_Goal of the exercise_. Transcribe all of the records, leaving out any pictures.

= Beginning of Section =

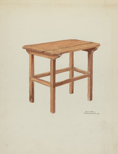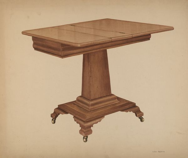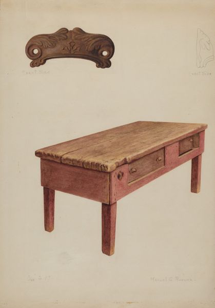 Editor: So here we have Carl Buergerniss's "Cherry Table," from around 1936, a drawing and painting made with watercolors. It feels so still and domestic. What do you see in this piece beyond a simple table? Curator: I see a loaded space! Buergerniss, during the Great Depression, focused on objects that spoke of both domestic comfort and economic anxieties. These kinds of tables, particularly within a growing middle class, signified a level of attained stability. Have you considered how an object like a simple table can reinforce, or perhaps even challenge, social hierarchies during times of widespread economic distress? Editor: That's fascinating. It does feel like more than just a table now. I hadn't thought about it as a symbol of stability during a time of crisis. So, are you saying Buergerniss is making a commentary on class? Curator: It's a possibility. We can consider how realism itself, in this context, becomes a statement. By depicting such an ordinary object with such careful detail, Buergerniss draws attention to the material conditions of everyday life. What do you make of the artist's choice to depict the table partially unfolded? Editor: It could mean that it’s trying to represent something more, beyond its purely functional use? Maybe implying a flexibility, but that might be a stretch… Curator: Not at all. It encourages us to question the singular function or static nature of this object and consider its multiple configurations, in which case it makes it more symbolic than functional. This table invites questions about usage and adaptability during a time of resourcefulness and adaptation. I'd say there is room to see the representation of these forms and how the painting process has translated into social context and gender. Editor: That makes so much sense! I'll never look at a simple object the same way again. It's a reminder of how art reflects social issues, particularly those tied to class and economics. Curator: Exactly. The object, like the period it’s emerged from, opens avenues for examining issues of identity and economics.
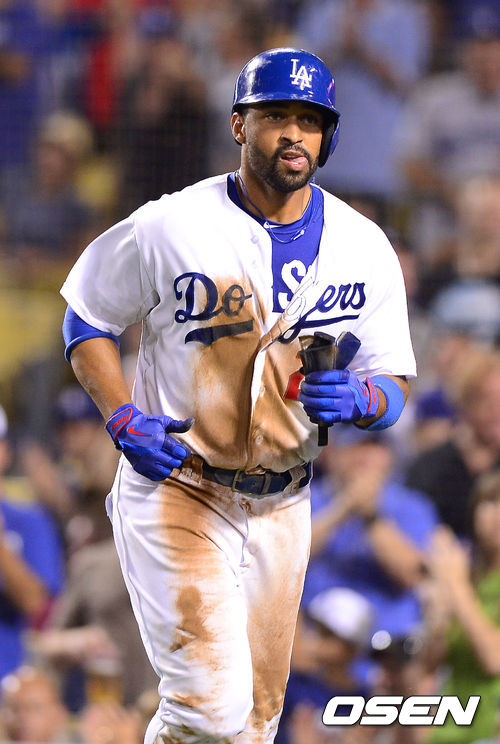 8회말 1사 3루 A.J.엘리스의 희생플라이때 3루 주자 맷 켐프가 홈을 밟은 뒤 더그아웃으로 들어가고 있다. / soul1014@osen.co.kr
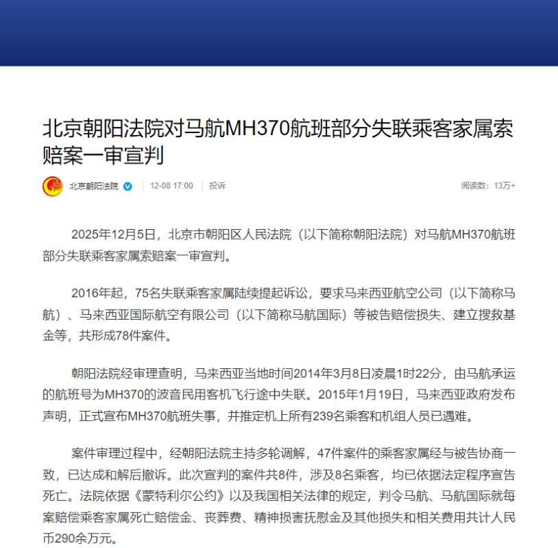 圖源:“北京朝陽法院”微博截圖 2016年起,75名失聯乘客家屬陸續提起訴訟,要求馬來西亞航空公司(馬航)、馬來西亞國際航空有限公司(馬航國際)等被告賠償損失、建立搜救基金等,共形成78件案件。 朝陽法院經審理查明,馬來西亞當地時間2014年3月8日凌晨1時22分,由馬航承運的航班號為MH370的波音民用客機飛行途中失聯。2015年1月19日,馬來西亞政府發布聲明,正式宣布MH370航班失事,並推定機上所有239名乘客和機組人員已遇難。 案件審理過程中,經朝陽法院主持多輪調解,47件案件的乘客家屬經與被告協商一致,已達成和解後撤訴。此次宣判的案件共8件,涉及8名乘客,均已依據法定程序宣告死亡。法院依據《蒙特利爾公約》以及中國相關法律的規定,判令馬航、馬航國際就每案賠償乘客家屬死亡賠償金、喪葬費、精神損害撫慰金及其他損失和相關費用共計人民幣290餘萬元。 其餘23件案件,乘客家屬尚未申請宣告乘客死亡或尚未完成宣告程序,仍在審理程序中。(完) 【編輯:彭玉婷】
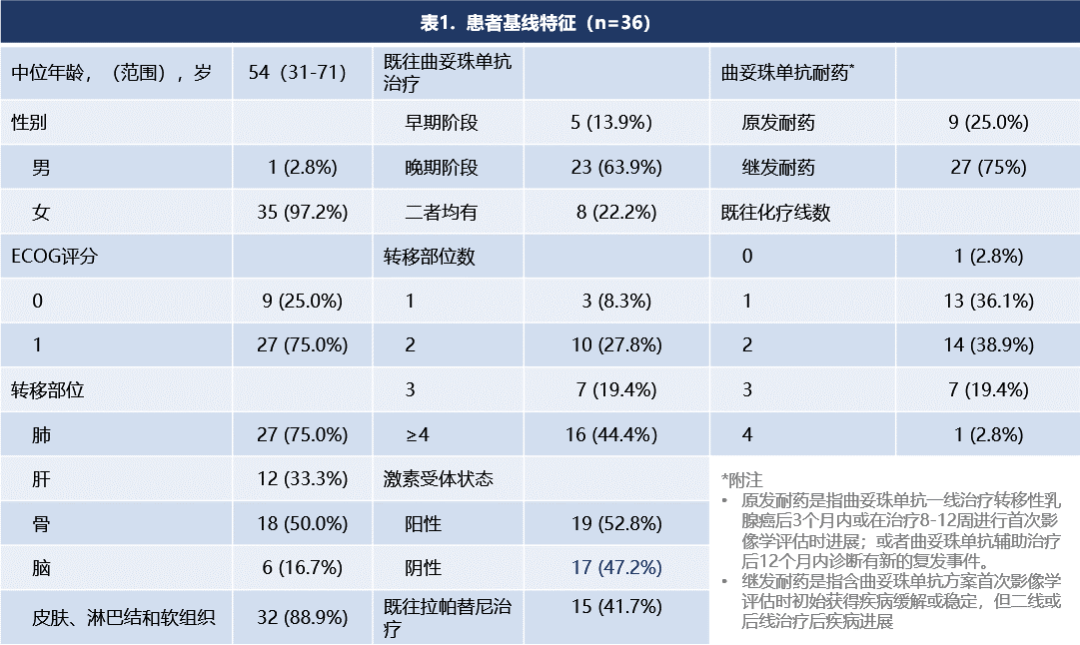 该研究入组了36例曲妥珠单抗治疗失败HER2阳性晚期乳腺癌,25%患者为曲妥珠单抗原发耐药,75%为继发耐药,且41.7%患者既往接受过拉帕替尼联合卡培他滨。转移部位≥3个的患者63.8%,主要转移部位为淋巴结转移、骨、肺。治疗线次≥3线的患者占比61.1%。患者特征既包含了曲妥珠单抗耐药人群,又有较高比例的TKI跨线应用。
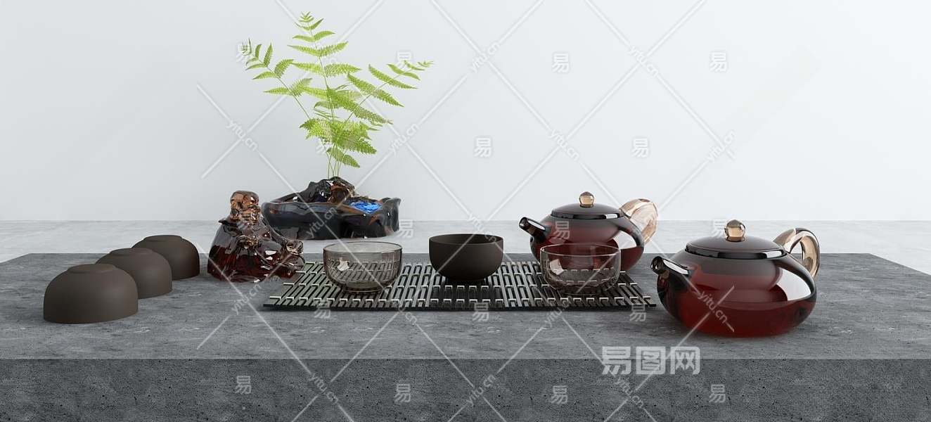 现代茶具3D模型下载

= End of Section =

_Answer to the problem_.
 Editor: So here we have Carl Buergerniss's "Cherry Table," from around 1936, a drawing and painting made with watercolors. It feels so still and domestic. What do you see in this piece beyond a simple table? Curator: I see a loaded space! Buergerniss, during the Great Depression, focused on objects that spoke of both domestic comfort and economic anxieties. These kinds of tables, particularly within a growing middle class, signified a level of attained stability. Have you considered how an object like a simple table can reinforce, or perhaps even challenge, social hierarchies during times of widespread economic distress? Editor: That's fascinating. It does feel like more than just a table now. I hadn't thought about it as a symbol of stability during a time of crisis. So, are you saying Buergerniss is making a commentary on class? Curator: It's a possibility. We can consider how realism itself, in this context, becomes a statement. By depicting such an ordinary object with such careful detail, Buergerniss draws attention to the material conditions of everyday life. What do you make of the artist's choice to depict the table partially unfolded? Editor: It could mean that it’s trying to represent something more, beyond its purely functional use? Maybe implying a flexibility, but that might be a stretch… Curator: Not at all. It encourages us to question the singular function or static nature of this object and consider its multiple configurations, in which case it makes it more symbolic than functional. This table invites questions about usage and adaptability during a time of resourcefulness and adaptation. I'd say there is room to see the representation of these forms and how the painting process has translated into social context and gender. Editor: That makes so much sense! I'll never look at a simple object the same way again. It's a reminder of how art reflects social issues, particularly those tied to class and economics. Curator: Exactly. The object, like the period it’s emerged from, opens avenues for examining issues of identity and economics.
 8회말 1사 3루 A.J.엘리스의 희생플라이때 3루 주자 맷 켐프가 홈을 밟은 뒤 더그아웃으로 들어가고 있다. / soul1014@osen.co.kr
 圖源:“北京朝陽法院”微博截圖 2016年起,75名失聯乘客家屬陸續提起訴訟,要求馬來西亞航空公司(馬航)、馬來西亞國際航空有限公司(馬航國際)等被告賠償損失、建立搜救基金等,共形成78件案件。 朝陽法院經審理查明,馬來西亞當地時間2014年3月8日凌晨1時22分,由馬航承運的航班號為MH370的波音民用客機飛行途中失聯。2015年1月19日,馬來西亞政府發布聲明,正式宣布MH370航班失事,並推定機上所有239名乘客和機組人員已遇難。 案件審理過程中,經朝陽法院主持多輪調解,47件案件的乘客家屬經與被告協商一致,已達成和解後撤訴。此次宣判的案件共8件,涉及8名乘客,均已依據法定程序宣告死亡。法院依據《蒙特利爾公約》以及中國相關法律的規定,判令馬航、馬航國際就每案賠償乘客家屬死亡賠償金、喪葬費、精神損害撫慰金及其他損失和相關費用共計人民幣290餘萬元。 其餘23件案件,乘客家屬尚未申請宣告乘客死亡或尚未完成宣告程序,仍在審理程序中。(完) 【編輯:彭玉婷】
 该研究入组了36例曲妥珠单抗治疗失败HER2阳性晚期乳腺癌,25%患者为曲妥珠单抗原发耐药,75%为继发耐药,且41.7%患者既往接受过拉帕替尼联合卡培他滨。转移部位≥3个的患者63.8%,主要转移部位为淋巴结转移、骨、肺。治疗线次≥3线的患者占比61.1%。患者特征既包含了曲妥珠单抗耐药人群,又有较高比例的TKI跨线应用。
 现代茶具3D模型下载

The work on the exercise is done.